At that moment, a thick oak tree smashed through the wall on top of Wilbur and then crashed through the floor taking the townsman with it… The top of the tree fell only a few feet away from where Aden and Arlisa were standing. Arlisa screamed, staring down at the whitewater roaring by beneath the floorboards.
Aden seized her arm and slammed their backs against the lumber stack. The men then opened fire, blasting chips of wood from the floor, pricking the youngsters’ legs and arms. Aden covered Arlisa’s face, glanced to his left and saw that the lumber pile wasn’t flush against the wall. He guided her into the space between the tall bundles and was trapped.
“Hold your fire!!!” Carlson said.
A long, deep growl reverberated in from outside the hole.
Aden and Arlisa uncovered their faces and listened to footsteps clunking toward the hole in the floor. One of the men walked over and bent over the hole. His back was turned to them. The man had another look, backed away toward them. “All clear.” he said and then fell through floorboards which had given way beneath his feet!
“Fire!!” they heard Carlson say and more shots rang out, this time ever closer as the new hole was gaping just before them.
Arlisa screamed at the top of her lungs.
“Arlisa, no!!” Aden said, clapping his hand over her mouth. “Quick… climb!!”
They turned and climbed and as their feet stepped off the floor it too gave way! The entire tower of bundled wood dropped a foot and tilted toward the hole. Aden made it to the top and then reached down for Arlisa. “Take my hand!” he said.
Her grip slipped but Aden grabbed her arm. “No!!!” Suddenly, beyond Arlisa’s flailing body, he caught a glimpse of the hole. Unlike the other two holes where he could see the water flowing by, this hole was pitch-black. Heat rose up from it with a smell worse than sardines. Aden’s eyes widened a second and then he dove for her hand. “Arlisa, don’t look down. Look at me, take my hand!” A deep growl shook the boards and some of them fell into the dark pit and ripped apart.
Arlisa took Aden’s hand and climbed to the top. Aden looked back down into the pit and saw whitewater raging by.

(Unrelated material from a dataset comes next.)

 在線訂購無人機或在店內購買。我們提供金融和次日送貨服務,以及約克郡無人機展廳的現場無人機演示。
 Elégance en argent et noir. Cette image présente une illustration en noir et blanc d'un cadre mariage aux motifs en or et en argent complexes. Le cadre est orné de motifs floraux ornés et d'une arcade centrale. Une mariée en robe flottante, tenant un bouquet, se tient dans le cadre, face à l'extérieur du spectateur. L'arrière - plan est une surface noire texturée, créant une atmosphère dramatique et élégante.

“What was that??” Arlisa said.
“You don’t want to know.”
They crawled to the edge of the stack and jumped down onto the floor. After they slipped past the barking dogs and dashed out the door, they heard grumbling as they darted up the dirt road and followed it around back into the trees. They reached the asphalt road and fell onto it on all fours panting like dogs.
Aden held his hand over his heart holding his mouth open as if he could not get enough air. “Are you… alright?”

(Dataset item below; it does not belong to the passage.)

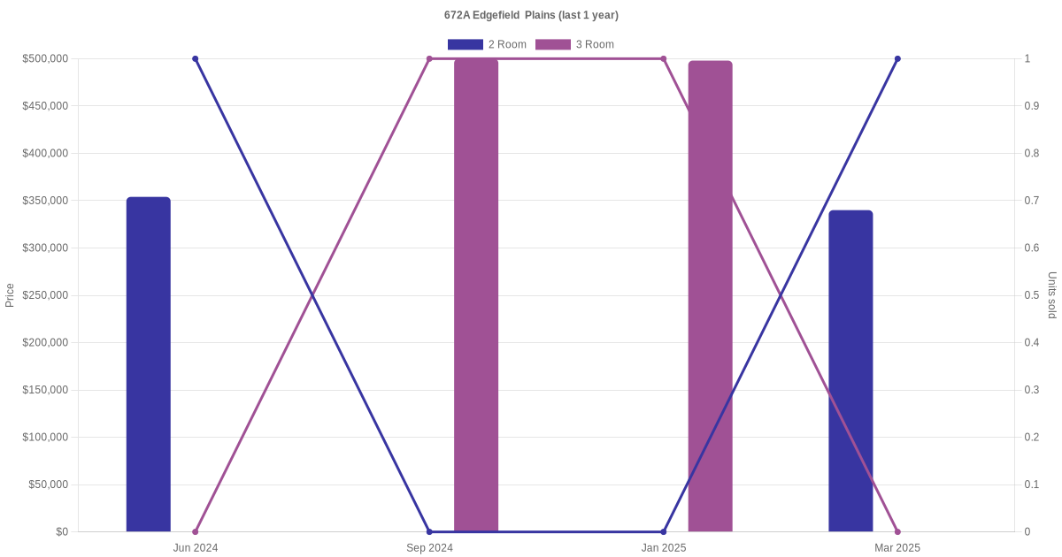 Below is a quick summary of the resale transactions volume and average price trends for the 2 room and 3 room units at 672A Edgefield Plains.

Arlisa sat there shivering, trembling, and peering into space.
“What gives?” he said, crawling to her, putting his arm on her shoulder. “We made it out okay…”
She shook her head. “Aden, what was that??”
He looked into the trees. “I don’t know, but whatever it was, we’re perfectly safe now.”
Suddenly, a hand seized the rear of his neck and dragged him up on his feet.
“Hey, let me go!!” Aden turned around… Ethan.
Arlisa gasped, sitting upright.
“Let you go?” Ethan said. “You’re lucky if I don’t strangle you before you get back to the house. Now go, Nathan will be home in a few minutes.”
“What about my friend?” Aden said. Ethan pushed Aden ahead, glanced at the teary eyed girl. “On your feet… let’s go.”